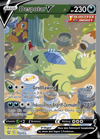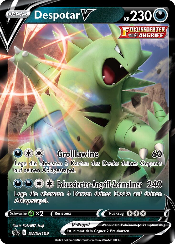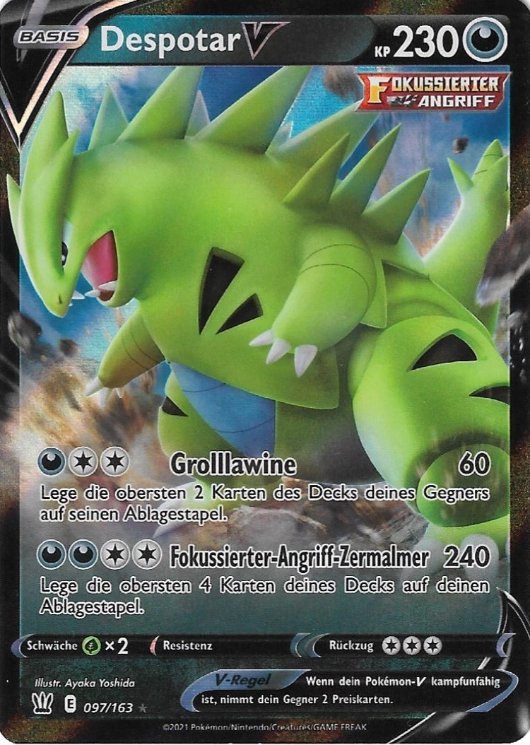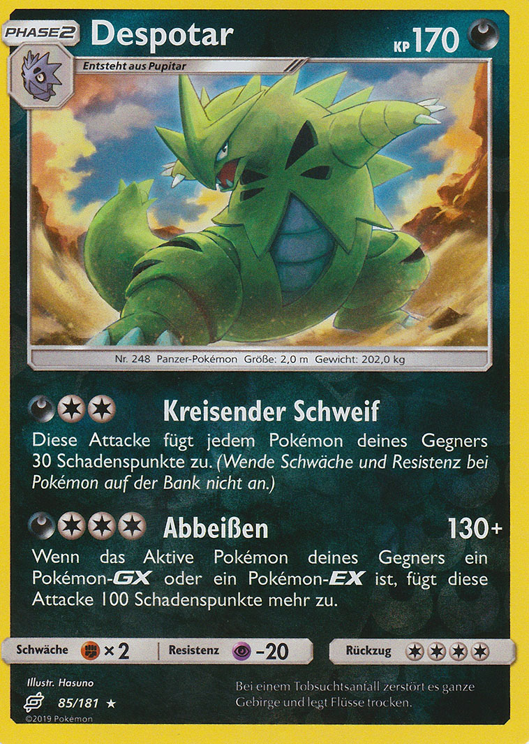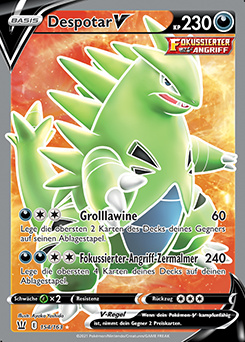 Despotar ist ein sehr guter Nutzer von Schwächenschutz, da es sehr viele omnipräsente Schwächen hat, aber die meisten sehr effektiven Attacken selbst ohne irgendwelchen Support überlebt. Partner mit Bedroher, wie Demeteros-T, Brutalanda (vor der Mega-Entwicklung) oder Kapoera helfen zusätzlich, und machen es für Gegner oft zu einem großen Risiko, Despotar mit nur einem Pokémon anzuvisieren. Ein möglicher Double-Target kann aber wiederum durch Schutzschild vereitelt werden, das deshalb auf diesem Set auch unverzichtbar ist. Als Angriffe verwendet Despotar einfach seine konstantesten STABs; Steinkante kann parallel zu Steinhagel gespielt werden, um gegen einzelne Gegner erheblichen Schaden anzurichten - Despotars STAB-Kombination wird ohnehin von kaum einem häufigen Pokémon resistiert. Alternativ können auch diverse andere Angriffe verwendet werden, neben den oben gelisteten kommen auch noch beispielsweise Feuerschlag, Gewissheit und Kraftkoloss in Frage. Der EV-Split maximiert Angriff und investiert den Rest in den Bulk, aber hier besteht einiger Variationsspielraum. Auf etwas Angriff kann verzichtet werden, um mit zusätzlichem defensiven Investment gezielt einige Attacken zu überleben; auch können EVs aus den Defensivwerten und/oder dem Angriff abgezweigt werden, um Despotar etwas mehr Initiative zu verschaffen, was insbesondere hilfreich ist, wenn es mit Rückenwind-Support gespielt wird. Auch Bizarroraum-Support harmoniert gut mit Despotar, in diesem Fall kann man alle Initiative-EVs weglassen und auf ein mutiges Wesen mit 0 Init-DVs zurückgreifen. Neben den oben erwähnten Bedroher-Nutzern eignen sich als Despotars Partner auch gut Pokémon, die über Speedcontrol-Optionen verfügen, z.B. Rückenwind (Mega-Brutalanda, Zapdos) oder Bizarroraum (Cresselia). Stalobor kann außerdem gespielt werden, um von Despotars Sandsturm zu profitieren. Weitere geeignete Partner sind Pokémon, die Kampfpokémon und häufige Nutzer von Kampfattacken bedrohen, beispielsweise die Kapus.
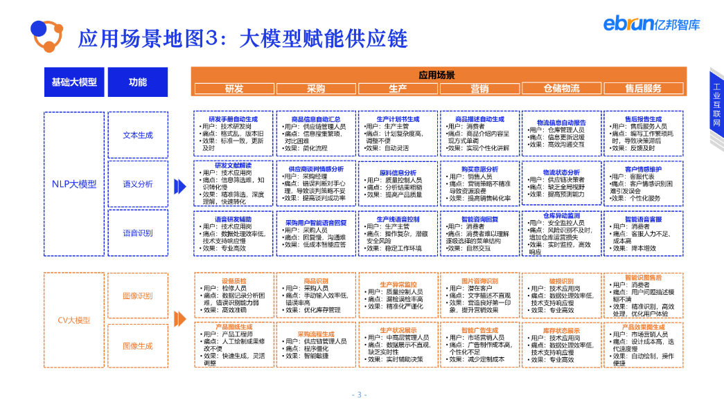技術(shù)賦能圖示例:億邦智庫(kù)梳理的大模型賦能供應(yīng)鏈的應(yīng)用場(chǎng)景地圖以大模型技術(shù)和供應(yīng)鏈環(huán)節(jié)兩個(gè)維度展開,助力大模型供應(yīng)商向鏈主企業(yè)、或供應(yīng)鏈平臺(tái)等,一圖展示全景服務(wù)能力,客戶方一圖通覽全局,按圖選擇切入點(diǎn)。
════════
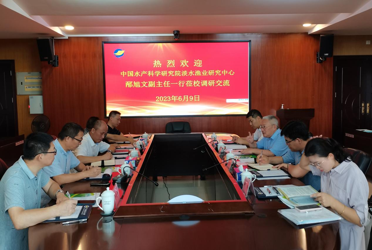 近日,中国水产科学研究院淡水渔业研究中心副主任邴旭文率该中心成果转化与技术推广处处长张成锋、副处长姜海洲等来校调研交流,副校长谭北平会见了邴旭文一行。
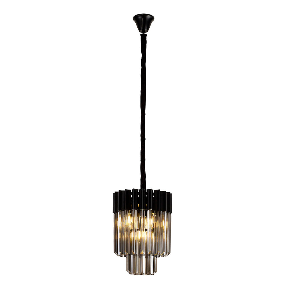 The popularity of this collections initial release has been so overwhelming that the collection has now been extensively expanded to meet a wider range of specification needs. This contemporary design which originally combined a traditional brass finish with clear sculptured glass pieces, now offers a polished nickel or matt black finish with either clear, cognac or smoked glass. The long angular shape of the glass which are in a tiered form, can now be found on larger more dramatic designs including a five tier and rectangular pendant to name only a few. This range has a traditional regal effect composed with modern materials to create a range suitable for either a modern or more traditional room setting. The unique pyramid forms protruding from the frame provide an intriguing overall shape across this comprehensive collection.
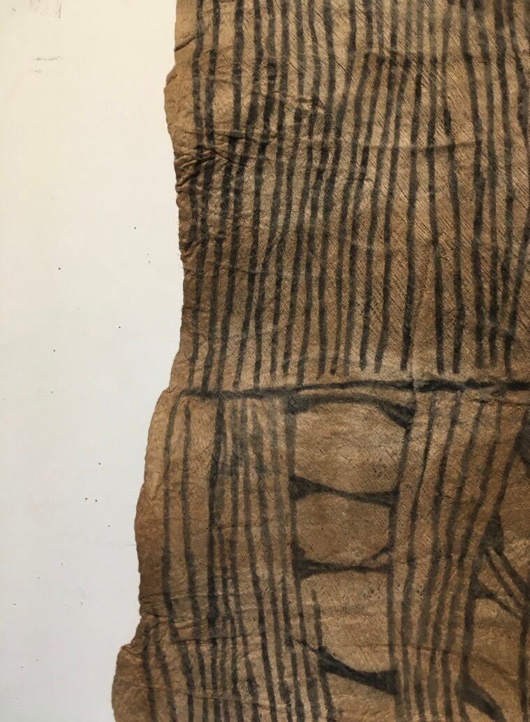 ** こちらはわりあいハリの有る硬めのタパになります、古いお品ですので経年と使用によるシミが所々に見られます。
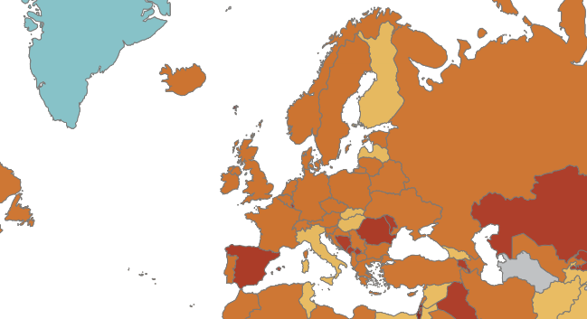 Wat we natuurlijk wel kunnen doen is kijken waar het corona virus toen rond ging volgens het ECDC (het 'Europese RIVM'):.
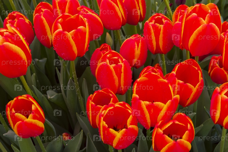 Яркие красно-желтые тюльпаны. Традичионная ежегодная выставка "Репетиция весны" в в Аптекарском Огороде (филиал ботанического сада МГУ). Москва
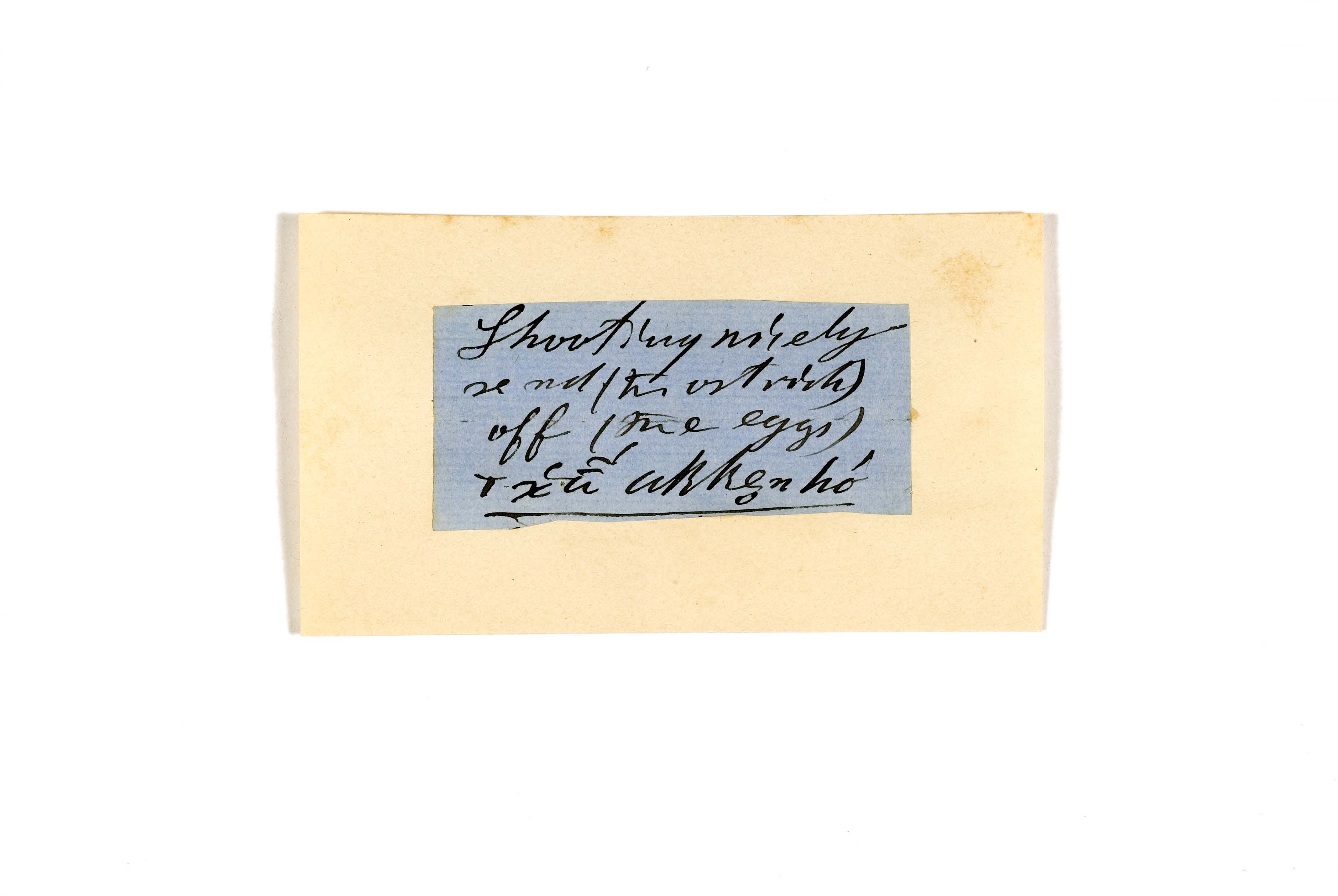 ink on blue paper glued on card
════════
> [Directions for this task]
What is needed is an exact copy of the lines above, from the one holding "Яркие красно-желтые тюльпаны." down to the one holding "ink on blue paper glued on card", with those two included and the pictures left out.

> [Solved exercise]
 Яркие красно-желтые тюльпаны. Традичионная ежегодная выставка "Репетиция весны" в в Аптекарском Огороде (филиал ботанического сада МГУ). Москва
 ink on blue paper glued on card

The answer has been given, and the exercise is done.